Surety arrested over drilling suspect

A SURETY has been arrested for failing to secure the attendance of an accused person, Cosmas Njobvu, a member of the United Party for National Development (UPND), who is

jointly charged for unlawful drilling with his party vice-president for administration Geoffrey Mwamba.
Mwamba, 57, a businessman of Kabulonga and 19 others are charged with unlawful drilling.
When the case came up for mention before principal resident magistrate Mwaka Mikalile, two accused persons Natasha Hamusonde and Njobvu were not present.
She said Hamusonde was excused from attending court because she was asked to appeal on a different date but that a bench warrant was issued against Njobvu which was not retained.

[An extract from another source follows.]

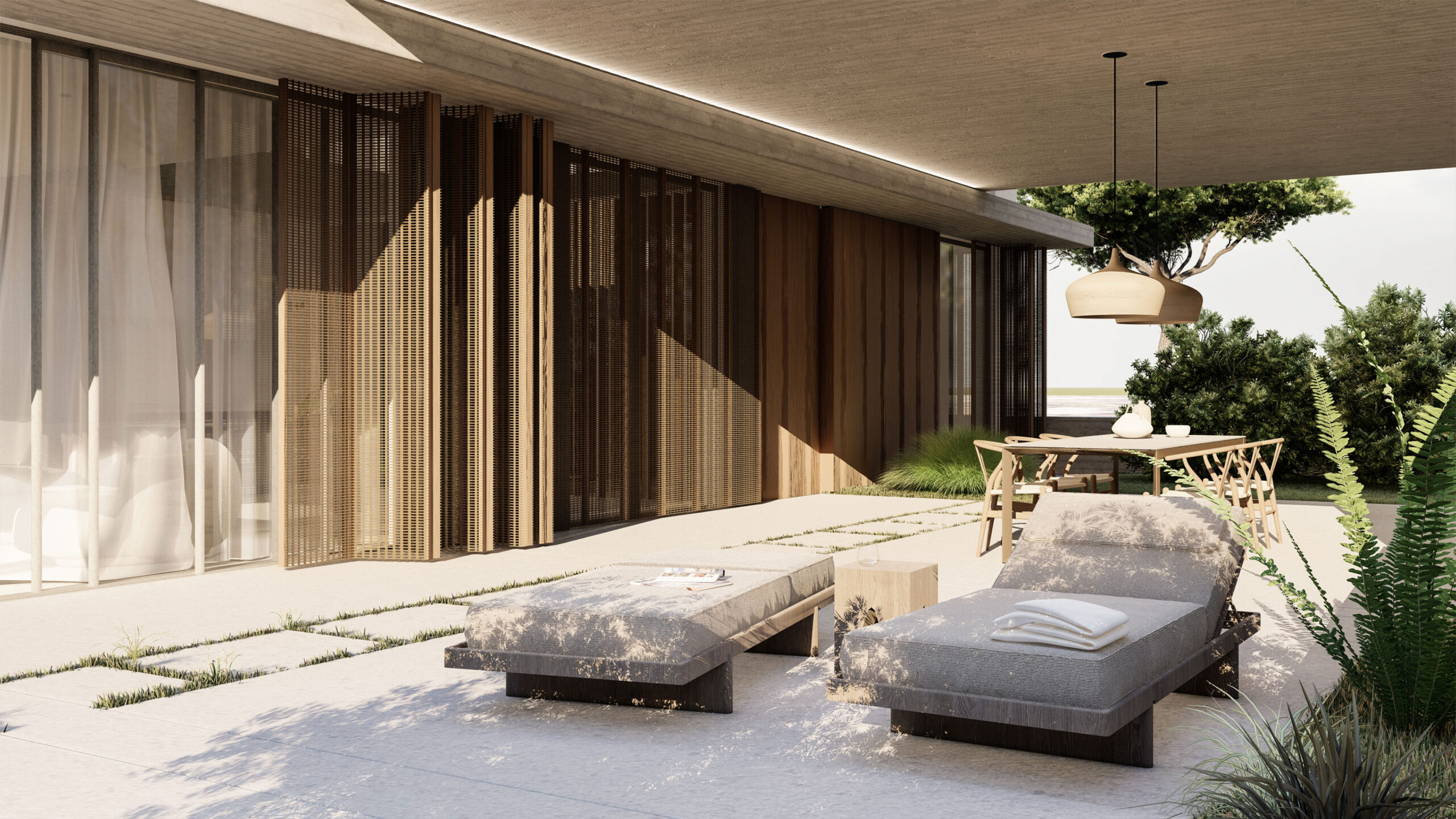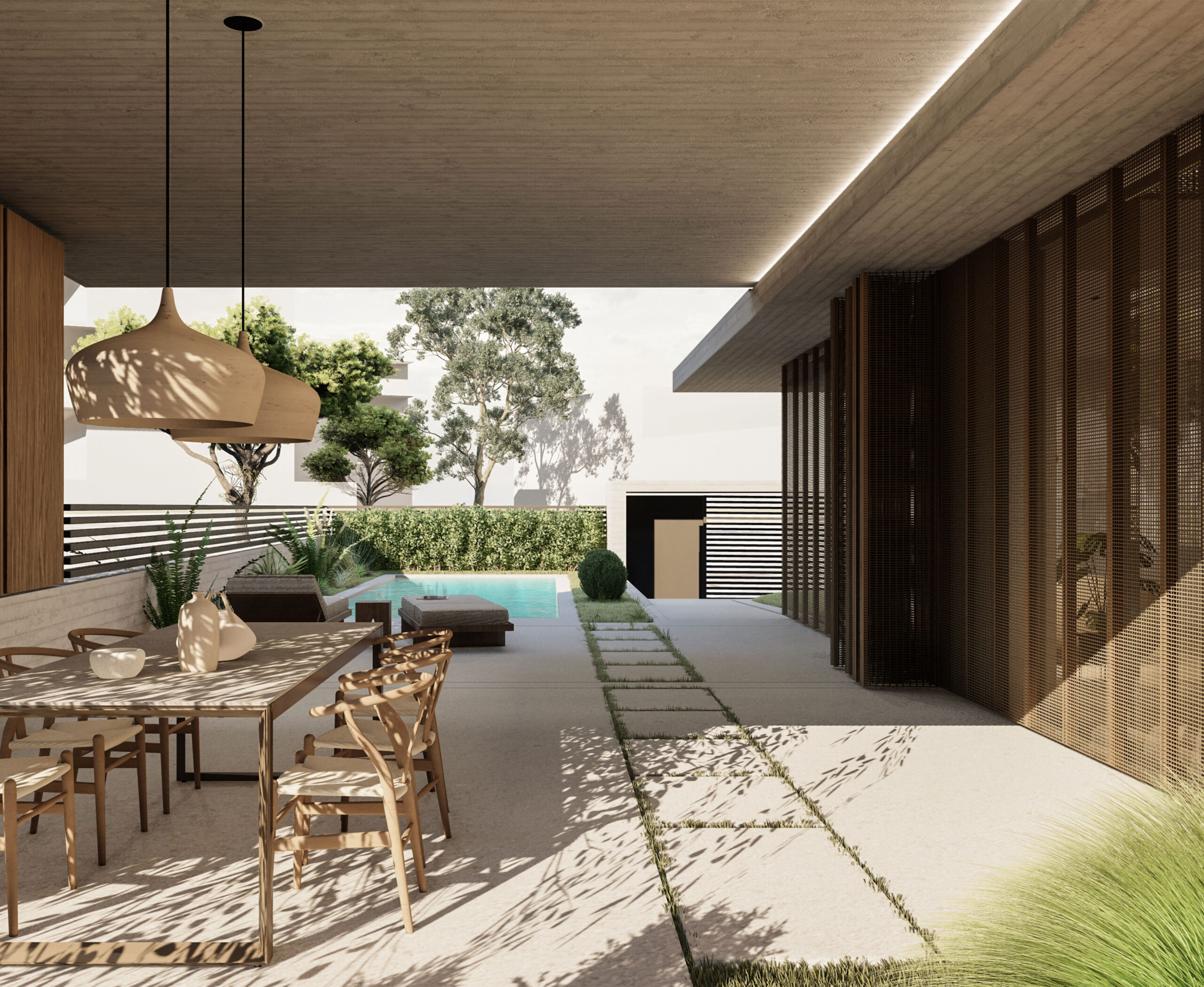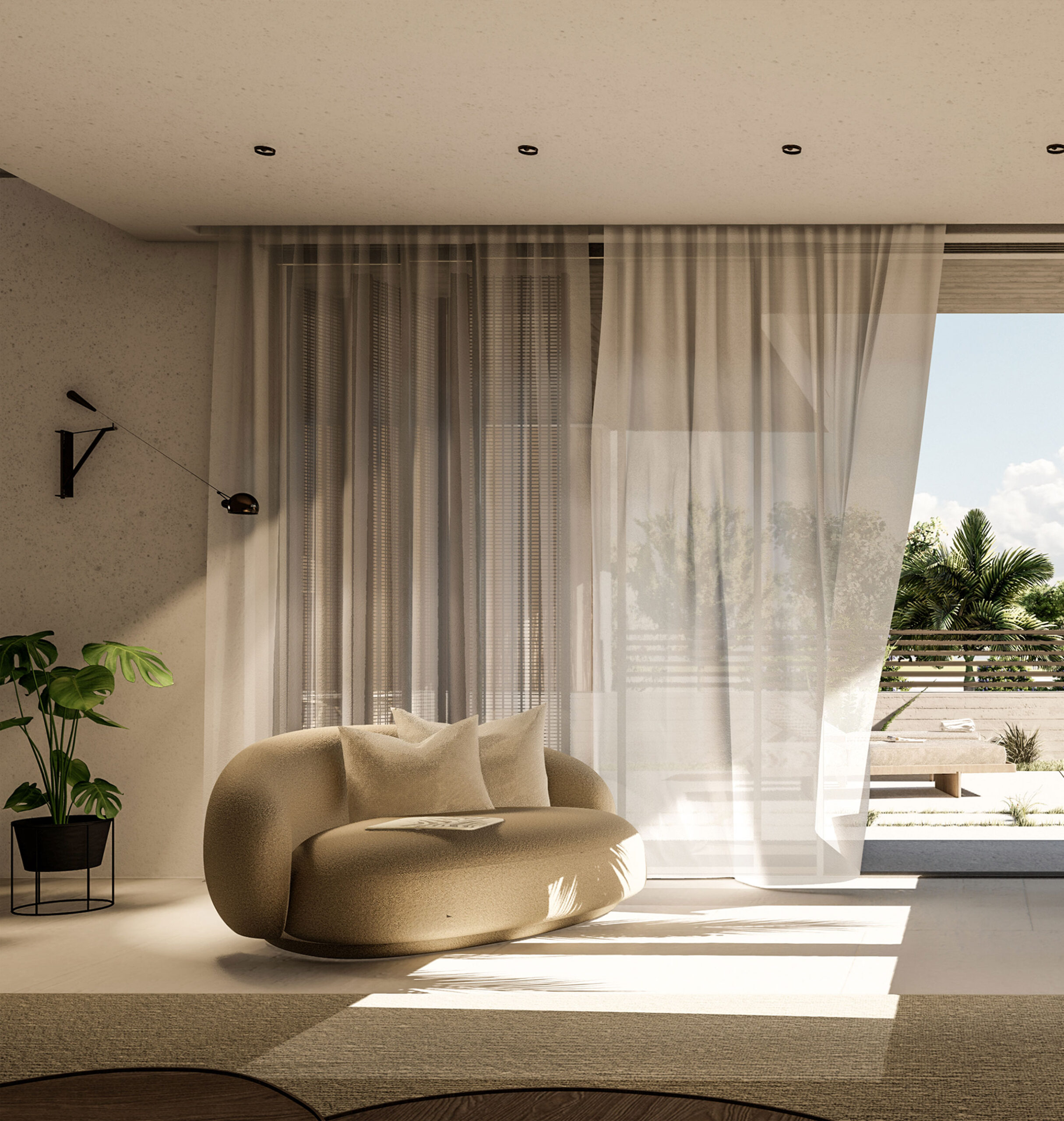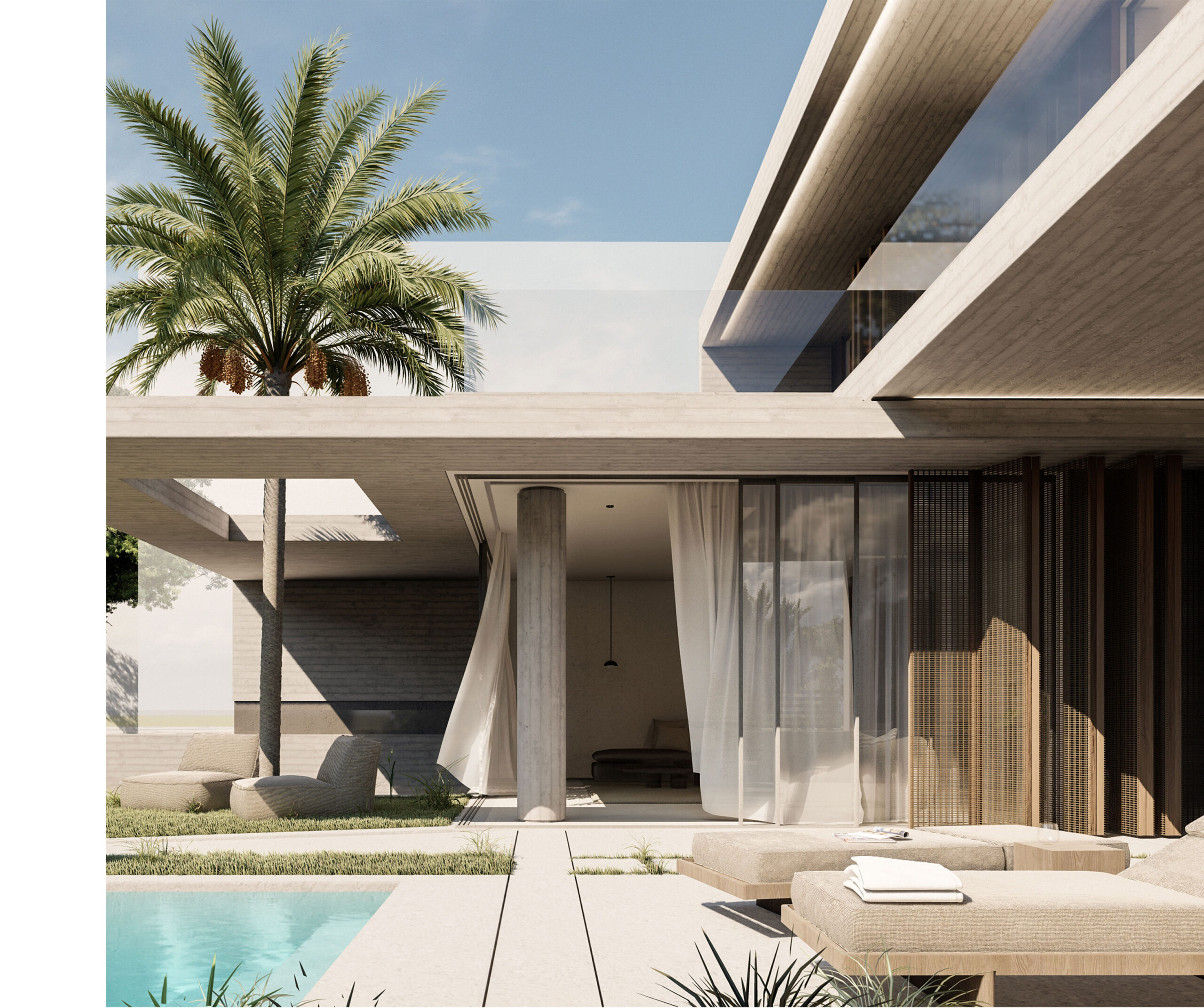 Η μονοκατοικία αυτή ενσωματώνει έναν εξαιρετικά εκλεπτυσμένο σχεδιασμό, όπου τα σύγχρονα υλικά συνδυάζονται με ένα αισθητικό αφαιρετικό μοντέλο που φέρνει σε πλήρη αρμονία τη φυσική και την κατασκευαστική διάσταση του χώρου. Η αρχιτεκτονική της κατασκευής βασίζεται σε μια εξαιρετικά ελαφριά και διακριτική χρήση στοιχείων, με τις εξωτερικές επιφάνειες να αποκαλύπτουν την αυθεντικότητα του σκυροδέματος, το οποίο παραμένει εμφανές και ακατέργαστο, προσδίδοντας έναν βιομηχανικό χαρακτήρα που διατηρεί παράλληλα μια αίσθηση φυσικότητας και ανθεκτικότητας.

Ms Mikalile asked Njobvu’s surety, Obey Habeenzu, to explain why he was not in court and told her that he was still at large and that he has failed to trace him.
Mr Habeenzu was ordered by the court to look for Njobvu within two weeks but has failed to do so for two months now.
She said Mr Habeenzu will have to pay K10,000 as part of the bail conditions or in default three months imprisonment.
Particulars of the offence are that Mwamba, on unknown dates but between February 13 and February 27, 2016 in Lusaka, jointly and whilst acting together with other persons unknown, without the permission from the President, did train or drill Sam Tembo, Elan Tembo, Cosmas Njobvu, Sofot Francis and Natasha Hamusonde to the use of arms or the practice of military exercises, movements or evolutions.
Others jointly charged with Mwamba in the first count are Clement Phiri, Conwell Simwika, Moses Chilufya, Justin Banda, Gift Kalunga, Chosha Mwanza, Henry Chilufya, Lovewell Mwansa, Edgar Kasokwe, Gerald Mtonga, Paul Daka, Philip Muyende, Michael Muvunda and Alex Mulenga.
In the second count, Sam Tembo and 18 others, jointly and whilst acting together with other persons unknown, did assemble on February 27, 2016, in Lusaka, without the permission of the President to be trained or drilled, to the use of arms or the practice of military exercise, movements or evolutions.